Sounds logical and for me it works most of the time until a new pain or flare up occurs then it can be back to the utter despair and lack of hope for the future.
You have a very energising attitude hosbay. Keep it up.
What a great written piece. Reminds me of myself. I have lived with pain for 10 years after a spinal fusion at the bottom of my spine after 30 years of nursing and having a crushed vertebrae in my thoracic spine due to osteoporosis at 48 at the same time! I agree with everything you write to control my pain within tolerable limits, looking out for the tell tale signs of overdoing it and resting before it gets too bad. Unfortunately I remain on MST and pregabalin which I have tried to get off, under supervision of my GP several times over the last 6 years without success. So I have nearly accepted the situation to keep my status quo pain relief ,but would love to get off the opiates. Keep feeling that the older I get, sooner or later a new GP will decide no more .....which makes me feel very anxious. Meanwhile I shall enjoy the status quo.
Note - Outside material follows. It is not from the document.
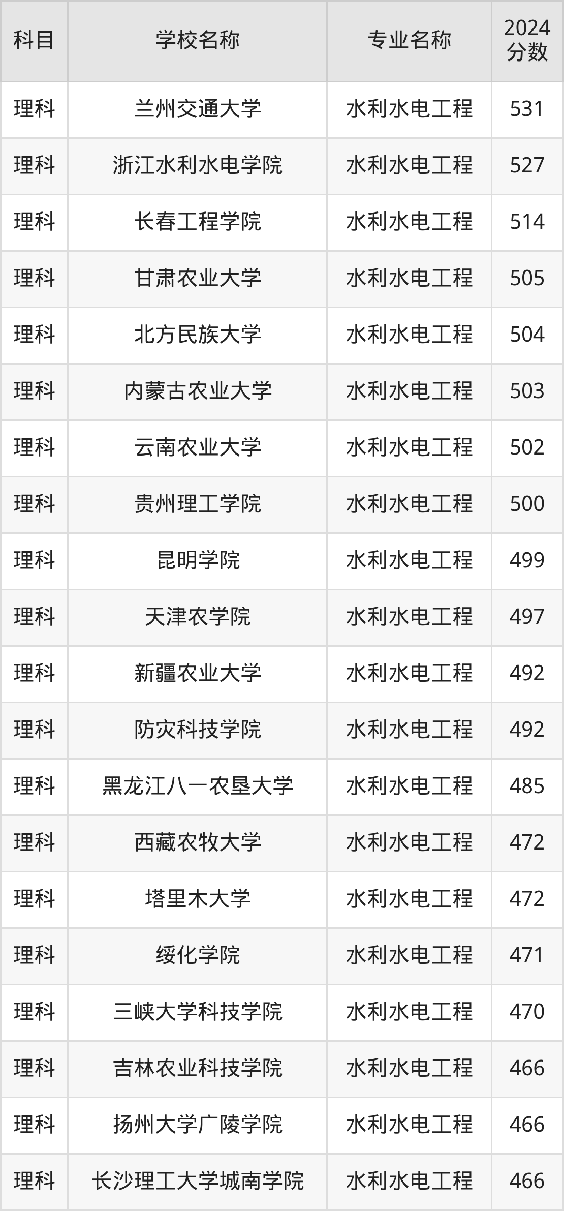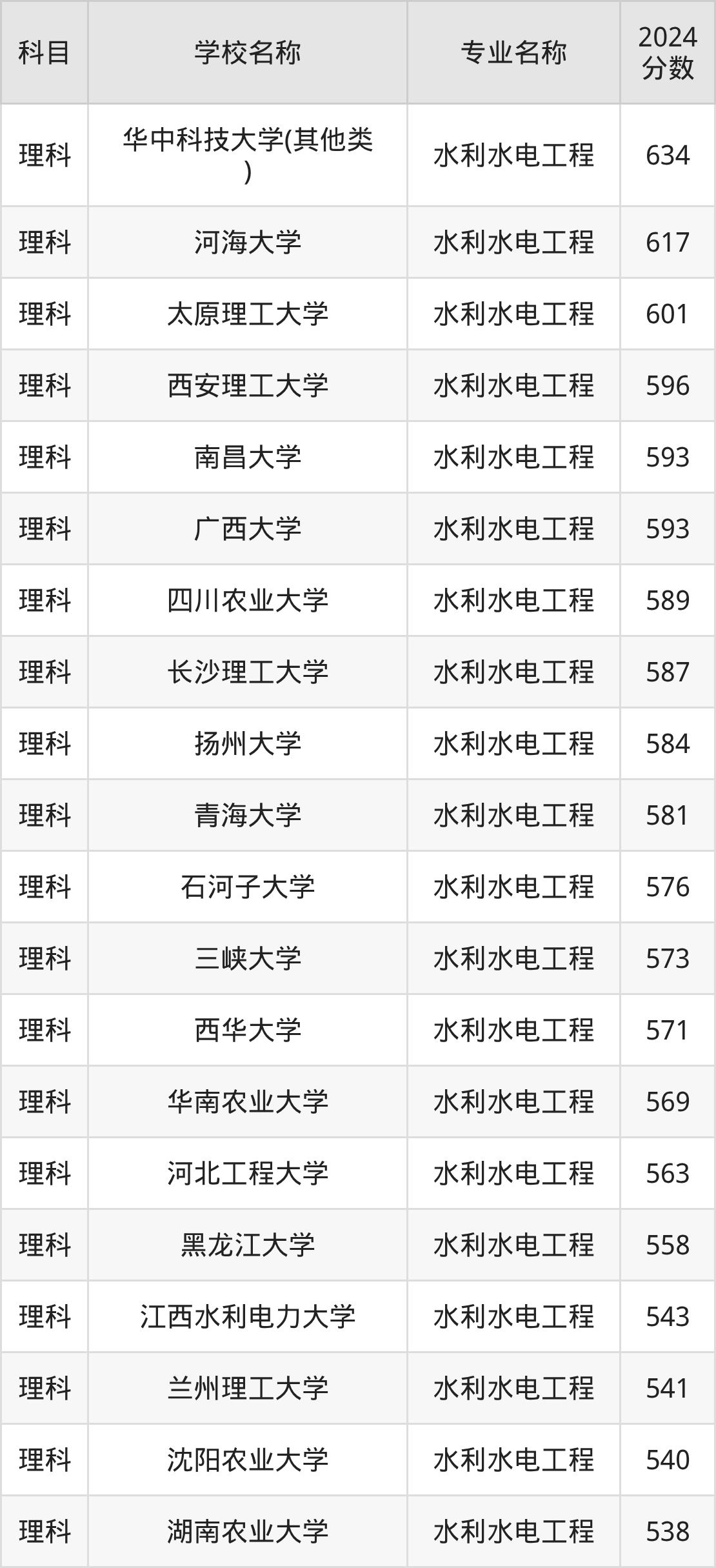 | 华北水利水电大学 | 水利水电工程 | 579 |

Like you I have multi spinal defects C7, L4/L5 and LI (which was due to diskitis infection 7 years ago). For the first few months after my most severe defect (L4/L5 nerve root damage) I was on all kinds of medication (including morphine sulphate, Amitriptyline, Diazepam, Gabapentin, etc. I made a conscious decision to come off the strong medications because they did not seem to give much pain relief and I was aware of some bad side effects (especially gabapentin which affected my cognitive faculties). I carried on with small amounts of Cocodamol and Diclofenic/Naproxen for a few more months while I concentrated on my strength and fitness which had deteriorated considerably. I realised that I needed this to compensate for the defects in my spine. I certainly still had a lot of pain and it was difficult but I gradually started to feel the benefits. Around this time I also came across an article by an American orthopaedic consultant who had carried out fairly extensive research on spinal defects (especially degenerative disk disease)and pain and he found what he called "the cascade effect" whereby the body adapts and re-organises itself with time and consequently pain reduces. Like lots of other study reports and hypothesis I did not know if it was indeed correct but it gave me hope and encouragement to carry on with my strategy.
I am 76 years old and managing as I said earlier to have a reasonable quality of life.
I know that everyone is different and what works for one may not work for others.
I hope your condition improves whether you manage to reduce medication or not.